[Supplied information]
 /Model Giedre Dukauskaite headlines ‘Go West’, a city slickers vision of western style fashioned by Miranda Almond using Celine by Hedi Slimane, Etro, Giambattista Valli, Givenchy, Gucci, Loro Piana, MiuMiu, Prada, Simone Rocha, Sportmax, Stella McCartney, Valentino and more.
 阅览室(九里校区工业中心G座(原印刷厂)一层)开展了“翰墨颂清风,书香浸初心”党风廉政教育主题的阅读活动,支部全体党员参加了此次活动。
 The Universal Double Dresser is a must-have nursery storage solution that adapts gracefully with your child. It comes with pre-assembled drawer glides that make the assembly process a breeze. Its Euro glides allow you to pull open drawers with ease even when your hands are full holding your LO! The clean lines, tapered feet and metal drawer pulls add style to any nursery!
---
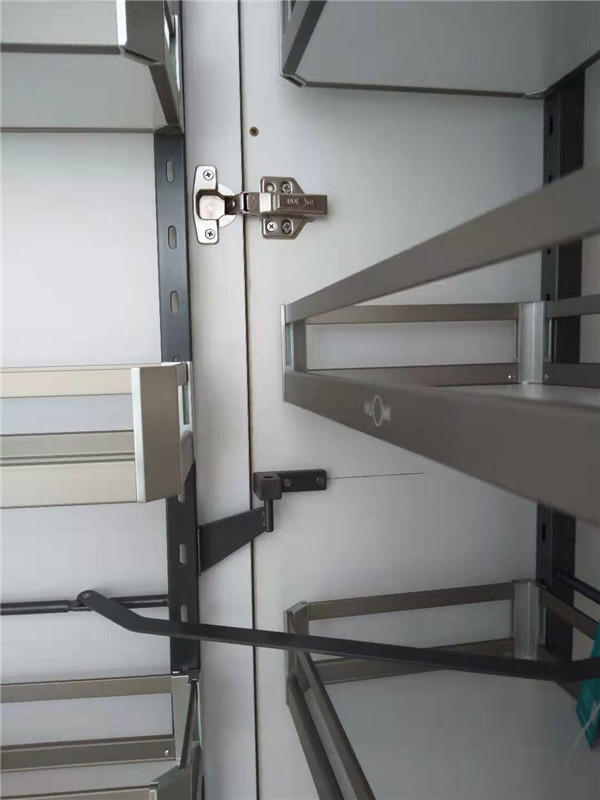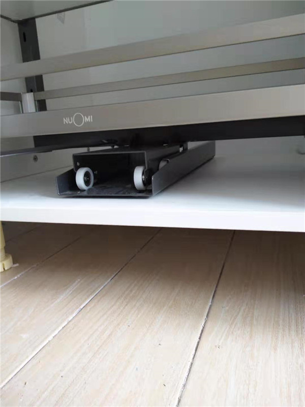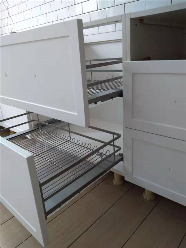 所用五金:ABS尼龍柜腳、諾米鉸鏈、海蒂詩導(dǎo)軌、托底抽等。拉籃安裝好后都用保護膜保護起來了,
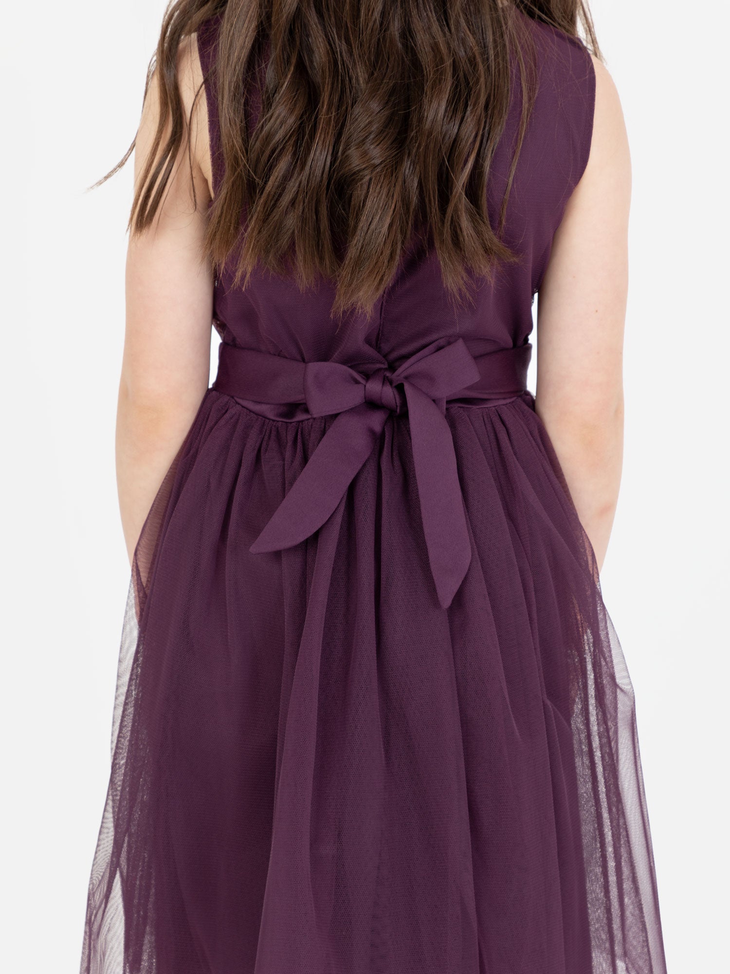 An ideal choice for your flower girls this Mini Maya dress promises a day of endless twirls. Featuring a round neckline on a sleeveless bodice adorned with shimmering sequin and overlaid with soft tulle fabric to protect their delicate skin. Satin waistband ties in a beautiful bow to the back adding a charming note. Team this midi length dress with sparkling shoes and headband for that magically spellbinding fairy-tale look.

[The problem]
Among the lines of these entries, find those that contain "style". Give their number and nothing else.

[Answer to this exercise]
2